#### Information shown ####

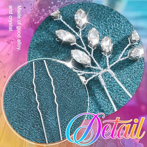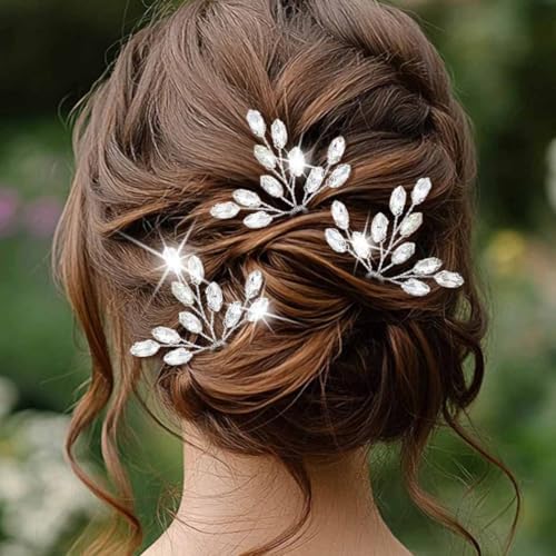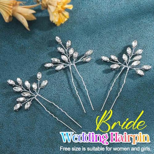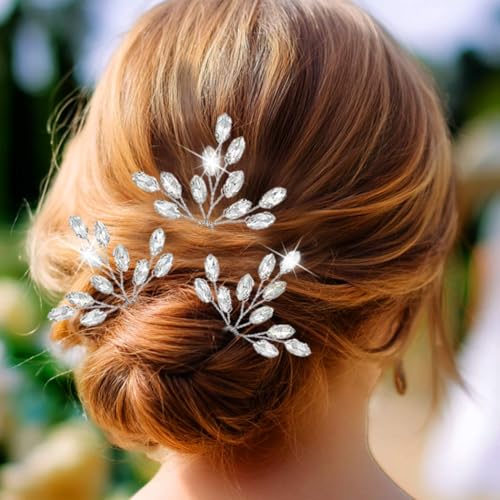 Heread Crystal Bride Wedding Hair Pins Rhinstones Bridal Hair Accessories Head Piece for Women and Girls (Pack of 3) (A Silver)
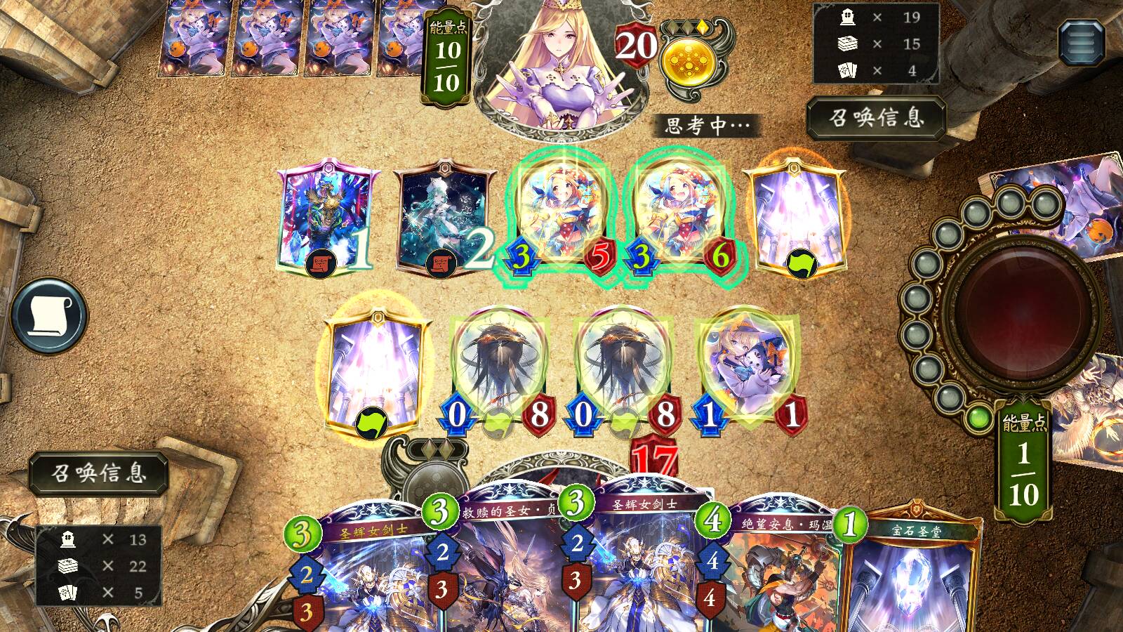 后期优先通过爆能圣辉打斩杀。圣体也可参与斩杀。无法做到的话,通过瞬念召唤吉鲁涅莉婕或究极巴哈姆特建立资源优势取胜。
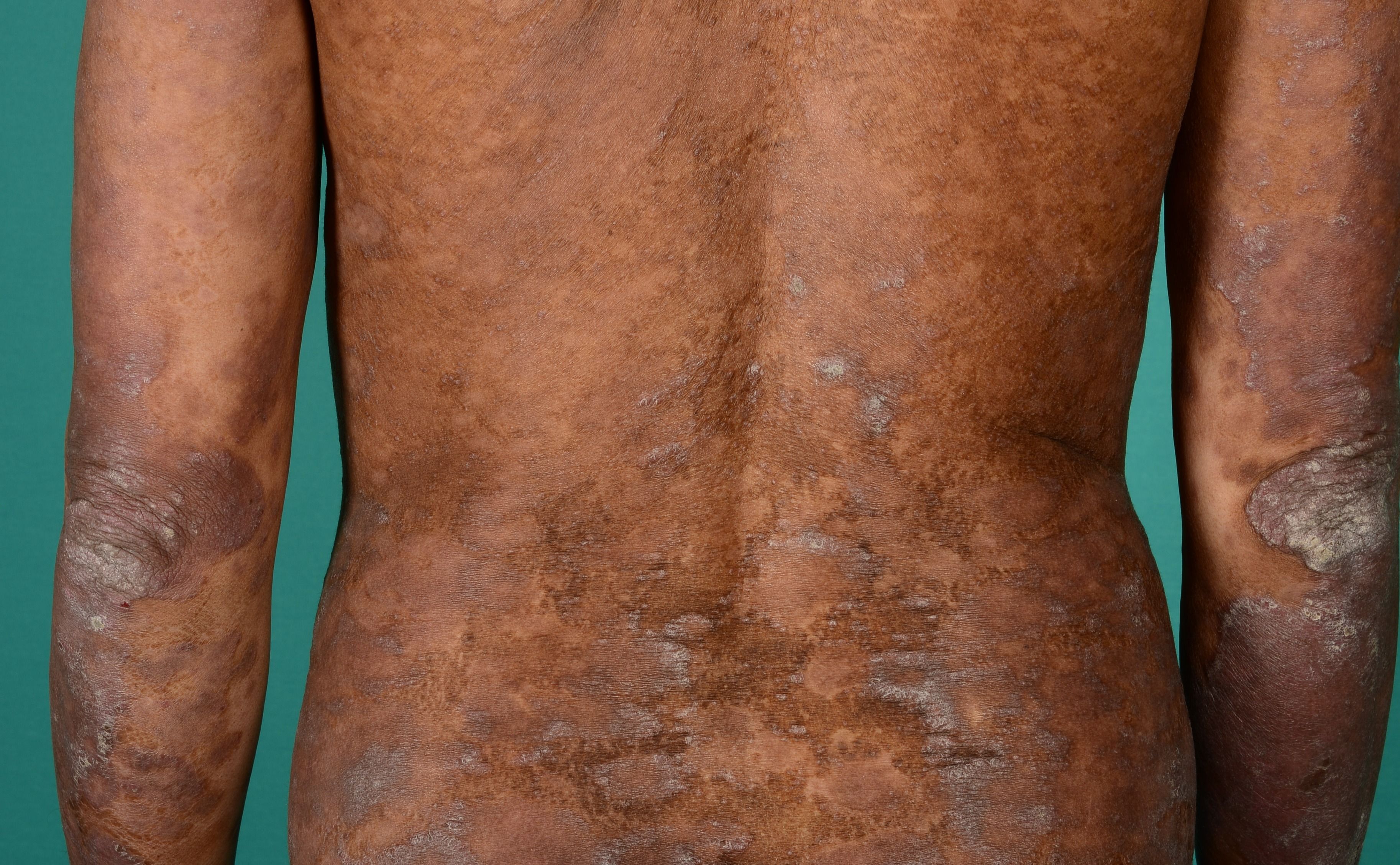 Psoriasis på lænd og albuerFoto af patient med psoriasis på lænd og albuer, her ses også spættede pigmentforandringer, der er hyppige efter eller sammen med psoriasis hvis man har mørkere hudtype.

####

Your goal: Leave out the images and repeat the rest of the data word for word.

Output for this exercise:
 Heread Crystal Bride Wedding Hair Pins Rhinstones Bridal Hair Accessories Head Piece for Women and Girls (Pack of 3) (A Silver)
 后期优先通过爆能圣辉打斩杀。圣体也可参与斩杀。无法做到的话,通过瞬念召唤吉鲁涅莉婕或究极巴哈姆特建立资源优势取胜。
 Psoriasis på lænd og albuerFoto af patient med psoriasis på lænd og albuer, her ses også spættede pigmentforandringer, der er hyppige efter eller sammen med psoriasis hvis man har mørkere hudtype.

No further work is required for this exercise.